Stored data

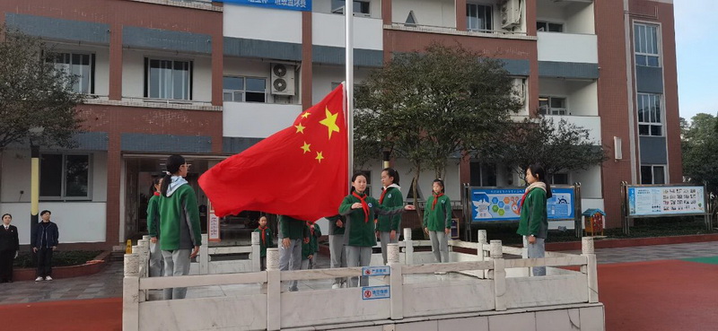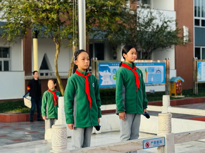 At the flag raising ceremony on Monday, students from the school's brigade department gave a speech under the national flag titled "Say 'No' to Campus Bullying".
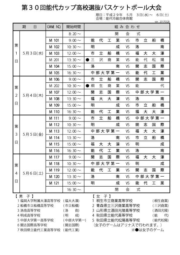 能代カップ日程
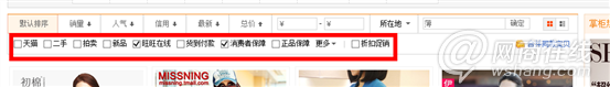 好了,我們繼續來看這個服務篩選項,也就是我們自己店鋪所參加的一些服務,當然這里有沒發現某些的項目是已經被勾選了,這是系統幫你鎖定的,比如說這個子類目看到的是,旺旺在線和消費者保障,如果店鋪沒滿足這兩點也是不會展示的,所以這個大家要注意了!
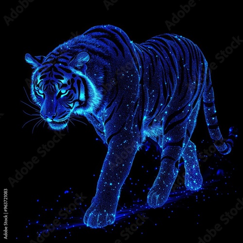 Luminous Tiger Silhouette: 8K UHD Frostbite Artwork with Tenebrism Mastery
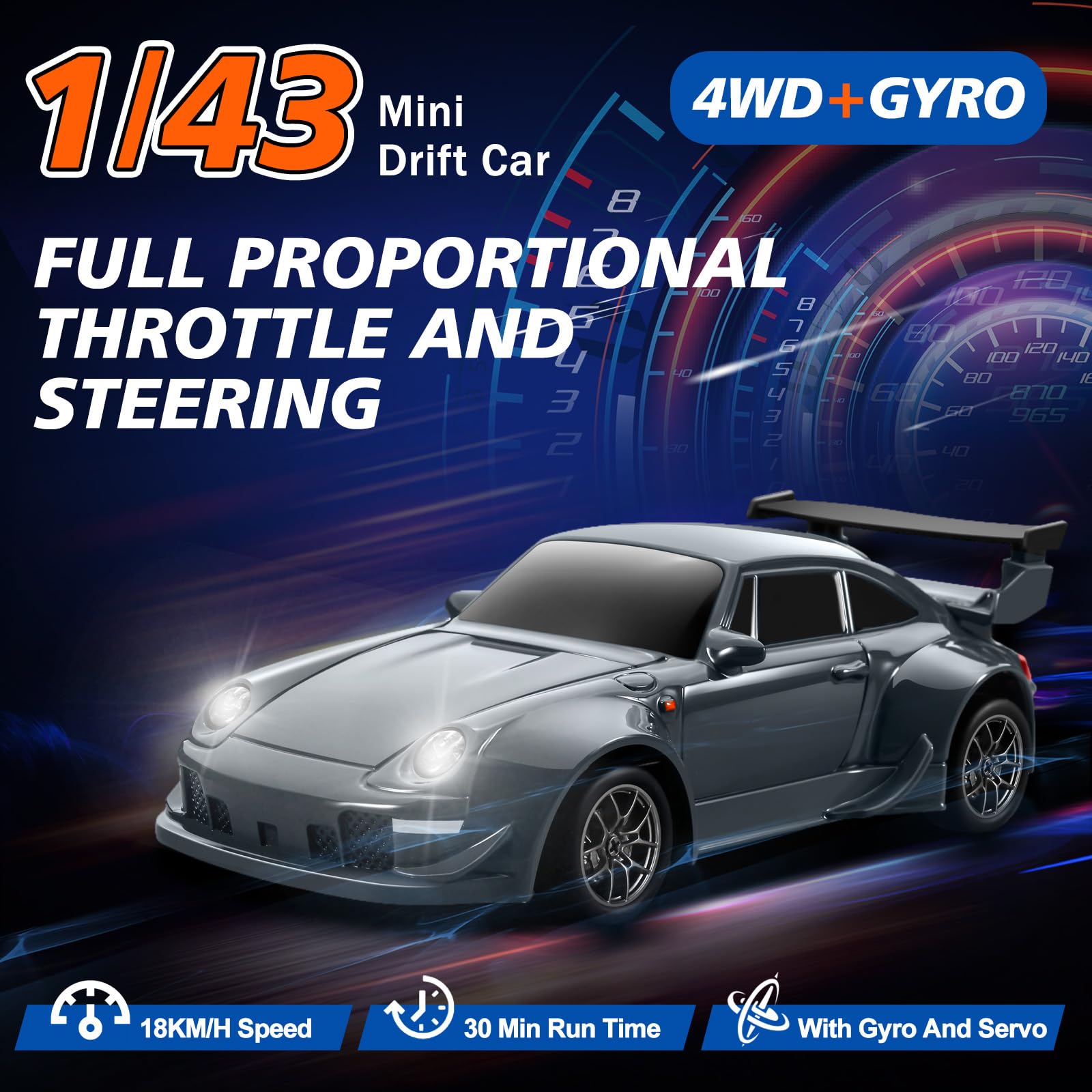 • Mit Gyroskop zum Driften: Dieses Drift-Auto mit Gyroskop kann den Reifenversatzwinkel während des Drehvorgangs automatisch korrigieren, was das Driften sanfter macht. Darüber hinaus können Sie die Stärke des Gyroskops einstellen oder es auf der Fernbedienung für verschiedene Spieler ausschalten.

What to produce
Please give back an exact copy of the entries above from their first line through the line containing "好了,我們繼續來看這個服務篩", leaving the pictures aside.

Task answer
 At the flag raising ceremony on Monday, students from the school's brigade department gave a speech under the national flag titled "Say 'No' to Campus Bullying".
 能代カップ日程
 好了,我們繼續來看這個服務篩選項,也就是我們自己店鋪所參加的一些服務,當然這里有沒發現某些的項目是已經被勾選了,這是系統幫你鎖定的,比如說這個子類目看到的是,旺旺在線和消費者保障,如果店鋪沒滿足這兩點也是不會展示的,所以這個大家要注意了!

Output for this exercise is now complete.